8.      NHS 111 not yet ready to replace NHS Direct

In the final days before the new NHS 111 is due to rolled-out nationwide, senior medical professionals have raised concerns over staffing levels and the quality of advice given to patients.

The new service will replace NHS Direct in offering medical advice and directing patients to out-of-hours care if needed. However, where it has been trialled, the new advice line has failed to answer large numbers of calls and some patients are even being asked to phone back later.    Desperate patients, unable to get the advice they need, are left with no option but to turn to A&E – meaning waiting lists are growing. Doctors have questioned the quality of advice given by the service – no longer operated by trained nurses – and ambulances have been sent to the trivial cases, which risked leaving serious cases waiting longer. The leader of the British Medical Association’s GP Committee has written to the Chief Executive of the NHS to warn that patients were facing immediate risk during the Easter bank holiday weekend and called on the Government to halt its introduction. In Manchester, the system was shut down just 11 hours after it was launched and NHS West Midlands abandoned it after three days when the service failed to cope with demand.

The popular NHS Direct service has been broken up and private companies are failing to fully take its place.

9.      Secretary of State hands over responsibility for the NHS

From 1st April 2013, the Health Secretary no longer has a formal duty to provide comprehensive health care throughout England. This has been replaced by a duty on the new local commissioning groups to arrange provision as they see fit for their area. The Secretary of State’s role, traditionally responsible for comprehensive ‘provision’ in the NHS and politically accountable to the electorate, will have its powers reduced to ‘promotion’. Labour is concerned that the local groups, no longer accountable to the Health Secretary, will lose the current emphasis on universality in the NHS – resulting in a postcode lottery for patients. David Cameron’s re-organisation is removing the N from NHS and paving the way for a postcode lottery writ large. Patients are already seeing hundreds of essential treatments, like cataract operations, restricted or stopped altogether.

Labour will restore the Secretary of State’s duty to provide comprehensive care across the country.

10.  Hospitals set to make more money by prioritising private patients

The NHS re-organisation allows an NHS hospital to earn up to 49% of its income from treating private patients.

Labour is concerned that, in a tight financial climate, some hospitals will end up prioritising generating income from private patients at the expense of NHS patients. As the Government’s own revised impact assessment on the new legislation acknowledged, “there is a risk that private patients may be prioritised above NHS patients resulting in a growth in waiting lists and waiting times for NHS patients” (Department of Health, Health and Social Care Bill 2011: Impact Assessments, September 2011, p64, B.155).

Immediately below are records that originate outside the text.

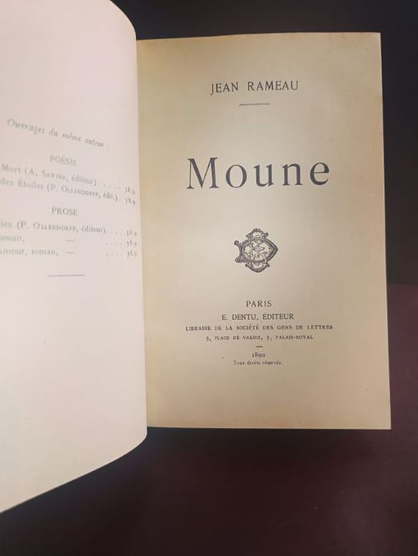 Paris E.Dentu 1890 1 in -8 demi chagrin, pièce de titre 355 [p.p] Moune de Jean Rameau, dans sa rare version illustrée chez Dentu. Un exemplaire miraculeusement préservé, d'une blancheur absolue et sans aucune rousseur, protégé par une élégante reliure en demi-chagrin. La rencontre idéale entre l'art de l'illustration fin-de-siècle et une conservation muséale. Une opportunité rare pour les collectionneurs les plus pointilleux.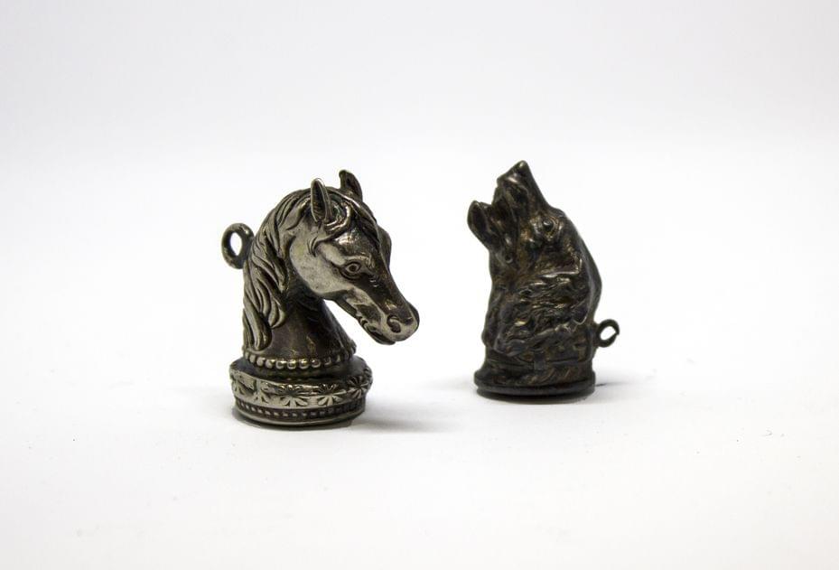 3161. Deux sceaux figurant une tête de chien et une tête de cheval
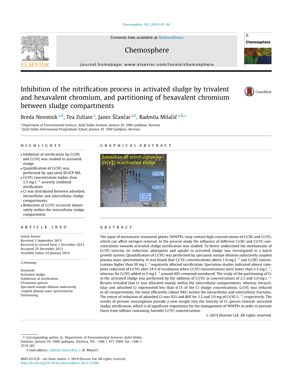 Cr(III)和Cr(VI)毒性的数据是相互矛盾的。活性污泥中铬形态信息缺乏。为了更好地理解Cr(VI)毒性的机理,我们工作的目的是减少,吸附和上升管Cr(VI)的活性污泥潜伏和评估浓度溶解Cr(III)和Cr(VI)对硝化作用是否有毒。
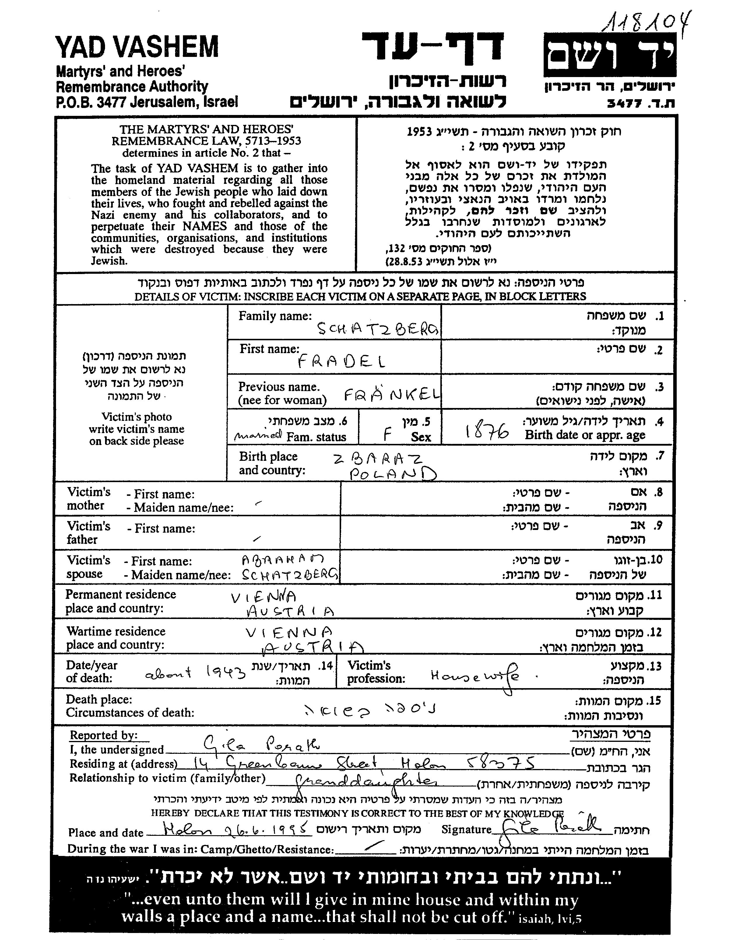 Schatzberg | Fradie | 1874 | Liste von ermordeten oesterreichischen Juden |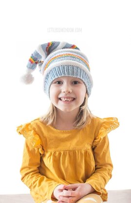 This adorable and fun Rainbow Stocking Cap knitting pattern is knit in the round and has alternating stripes of blue sky stockinette, purled white clouds and bright colorful rainbow stripes. You're going to have a blast knitting this hat for your favorite baby or toddler ( but beware, you'd better enjoy weaving in ends!).
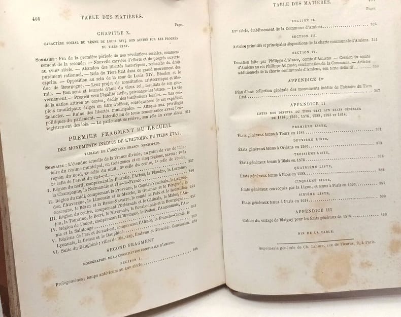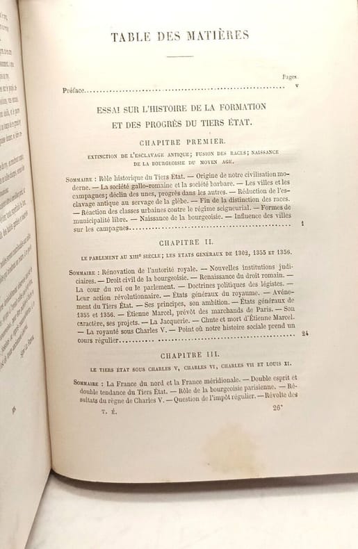 Réédition d'un ouvrage publié en 1853 par Augustin THIERRY (1795-1856): l'histoire du Tiers Etat, du Moyen Age à Louis XIV, en est "la partie principale [...], résumé de tous mes travaux relatifs à la France, composé pour servir d'introduction au "Recueil des monuments inédits de l'histoire du Tiers Etat"" (préface de l'historien de 1853); texte suivi de 2 extraits du "Recueil des monuments inédits de l'histoire du Tiers Etat": "Tableau de l'ancienne France municipale" ("tableau de l'origine et des vicissitudes des anciennes constitutions municipales des villes de France, tracé par régions et par provinces" (préface de l'historien), préface du 2nd volume du recueil) et "Monographie de la constitution communale d'Amiens" (XIIè siècle, avec texte de la charte communale d'Amiens, en latin); textes en appendice, dont la liste des députés du Tiers-Etat aux Etats généraux (1484-1614); notes et références. Volume de l'édition collective posthume des oeuvres de l'historien, avec mention de "nouvelle édition revue avec le plus grand soin".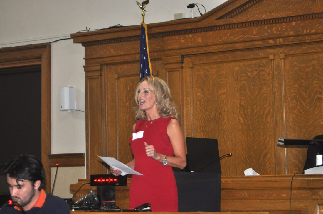 Wendy Larson speaks to Republican delegates Tuesday evening in the Calhoun County Courthouse during the nominating convention for the District 7 seat in the Iowa House of Representatives. She won the nomination over Dan DeWall.

Under Labour, Foundation Trust hospitals were restricted by a cap on their private patient income – typically at 2-3% based on their private patient work in 2003, as Foundation Trusts were created.

The Government has simultaneously squeezed NHS finances and effectively abolished the private income cap – hospitals now have the freedom and incentive to turn over their beds to private patients. A “no bail-outs” rule, where hospitals in financial trouble are allowed to go bust with no Government help, will only encourage this culture.